Still stuck in Cannes? But Bollywood biggies are rubbing their eyes to look elsewhere. Wake up and follow Upala Sen to the happening stations of cinema

TT Bureau Published 28.05.17, 12:00 AM

You can always tell a fever way before it sets aflame the body. That unbearable psycho-physiological restlessness trapped between consciousness and epidermis like a thousand mutinies stirring alive. There is a word for it in Hindustani - hararat.

While the world continues to obsess about Baahubali 2 crossing this-crore mark and that-crore mark, one cannot help but wonder if the sweeping popularity is indicative of the mood of the nation. Is it hararat?

After all, what is S.S. Rajamouli's film really but a time-worn tale of palace intrigues and bloody battles, weak heirs and worthy spares, ravaged kingdoms, a beguiled people and the promise of deliverance from all evil by the One With Mighty Arms - a Baahubali.

Half past nine in the evening. In a single-screen theatre in south Calcutta, three weeks after its release, a show of Baahubali 2 has just begun.

The iconic visual is unfolding. Baahubali, played by the beauteous Prabhas of shy muscles and rippling smiles, is limbering up a just-tamed elephant. He has one foot on the pachyderm's forehead, another on its trunk, a human thunderbolt against an ashen sky. He is surveying the empire he is about to lord over. The sound track heaves - Hey-ssaa. Rudra-ssa. Hesaraabhadra. Samudra-ssa...

"Tamil cinema, na?" one scrawny youth in the row ahead of mine asks his neighbour. "Telugu bodhoy (I think Telugu)," replies his friend. "Oi holo (Same thing)," mutters the third chap in the aisle seat before burying himself in his glowing mobile phone. And I, I get my metaphor. Indeed, when it comes to "South Indian cinema", the larger Indian audience vacillates between ignorant, semi-informed and indifferent.

To begin with, there is no one entity called "South Indian Film Industry". It constitutes the Tamil, Telugu, Malayalam and Kannada film industries, each operating out of different regions with distinctive styles, albeit with a fair amount of cross-pollination.

Karan Johar, whose Dharma Productions is the force behind the marketing and distribution of the Hindi dub-version of Baahubali 2, is neither ignorant nor indifferent to this nuanced world. And though it is a bit much to hail him as some Bollywood evangelist for taking the film outside the southern circuit, truth is, he spotted an intelligent business opportunity and braved the Vindhyas and retroflexive consonants alike to bet on it.

This is not the first time KJo has gone shopping southward for creative assets either. There was Baahubali from 2015 and The Ghazi Attack earlier this year. Is it official then, Bollywood is out of ideas? Are we witnessing creative outsourcing?

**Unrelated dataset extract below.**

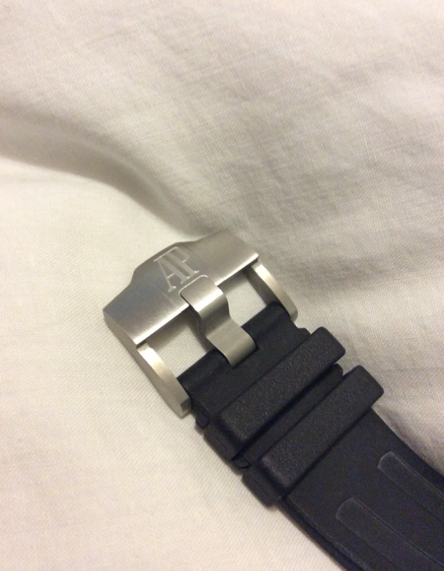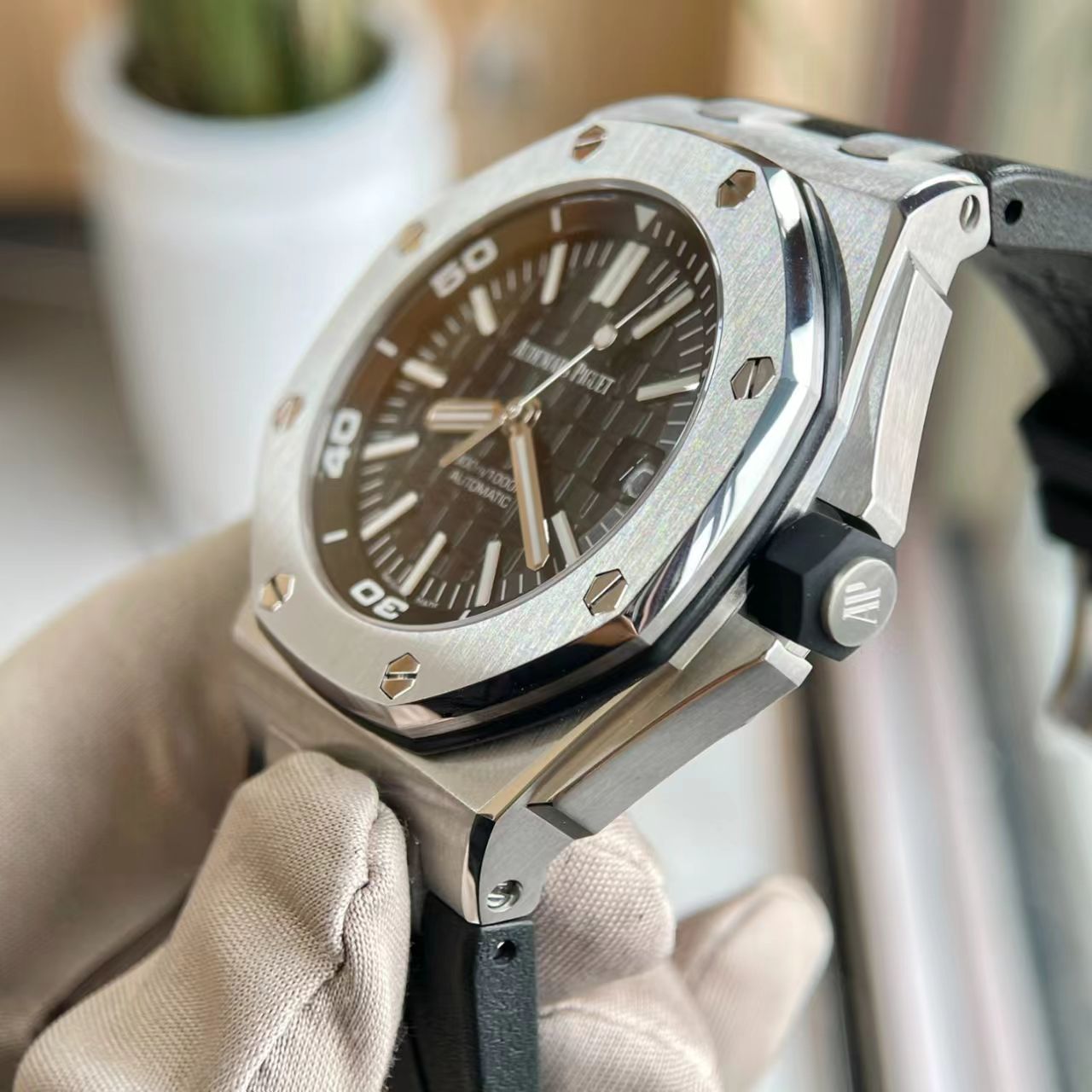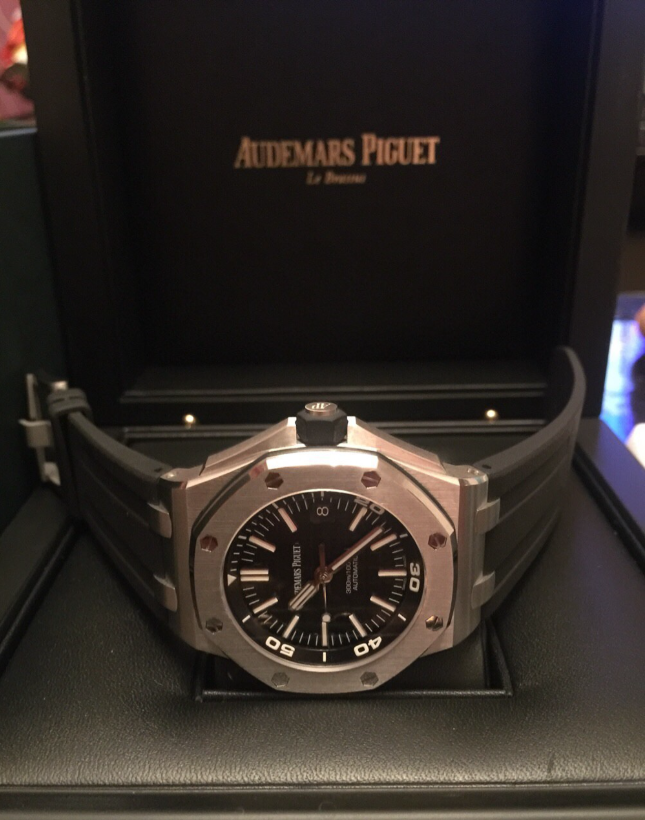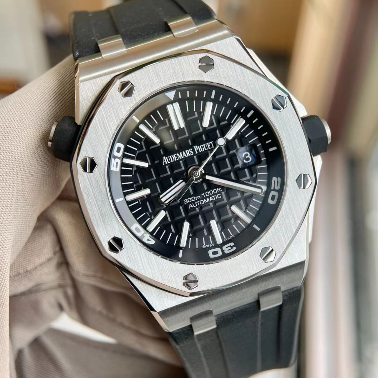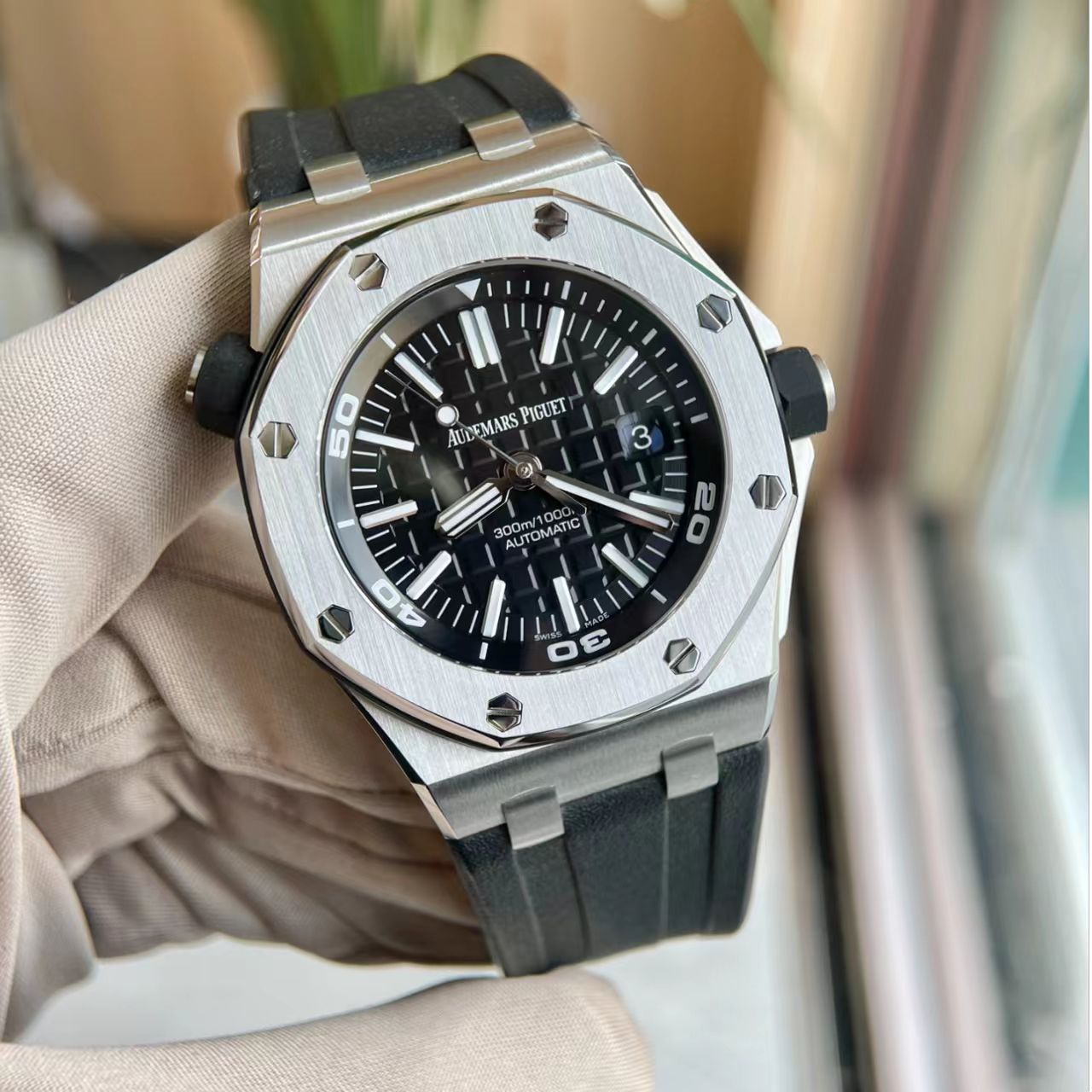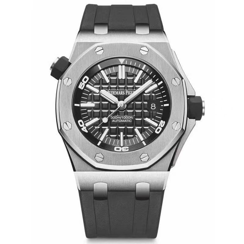 Dial Material: Black dial with "Méga Tapisserie" pattern, white gold applied hour markers and Royal Oak hands with luminescent coating, black rotating inner bezel with diving scale and 60- to 15-minute zone.

SMORGASBORD: Vibrant fliers from cinema down South

Pizza
Oopiri
Lucia
Angamaly Diaries
Premam
Joker 
8 Thottakkal
Oru Kidayin Karunai Manu

G. Dhananjayan is founder-dean of Chennai's Bofta Film Institute. He has produced a number of films in Tamil, Telugu, Malayalam and Hindi, and also written extensively on Tamil cinema. His email reply to my question reads, "No one can say the Hindi film industry is riding on other languages. It has also produced some wonderful films like Sultan, Dangal, Pink, Airlift, Neerja. Karan Johar deserves the credit and appreciation for believing in the Baahubali franchise..." (I can almost hear his stentorian voice.)

But then he points out that Bollywood hits such as Ghajini, Rowdy Rathore, Golmaal, Wanted, Bodyguard, Drishyam are all remakes of southern films. He also tells me that more such "collaborations" are in the offing. The sequel to Rajinikanth's Robot - 2.0 - is being made with Akshay Kumar. (I think I can spy a half-smile even over email.)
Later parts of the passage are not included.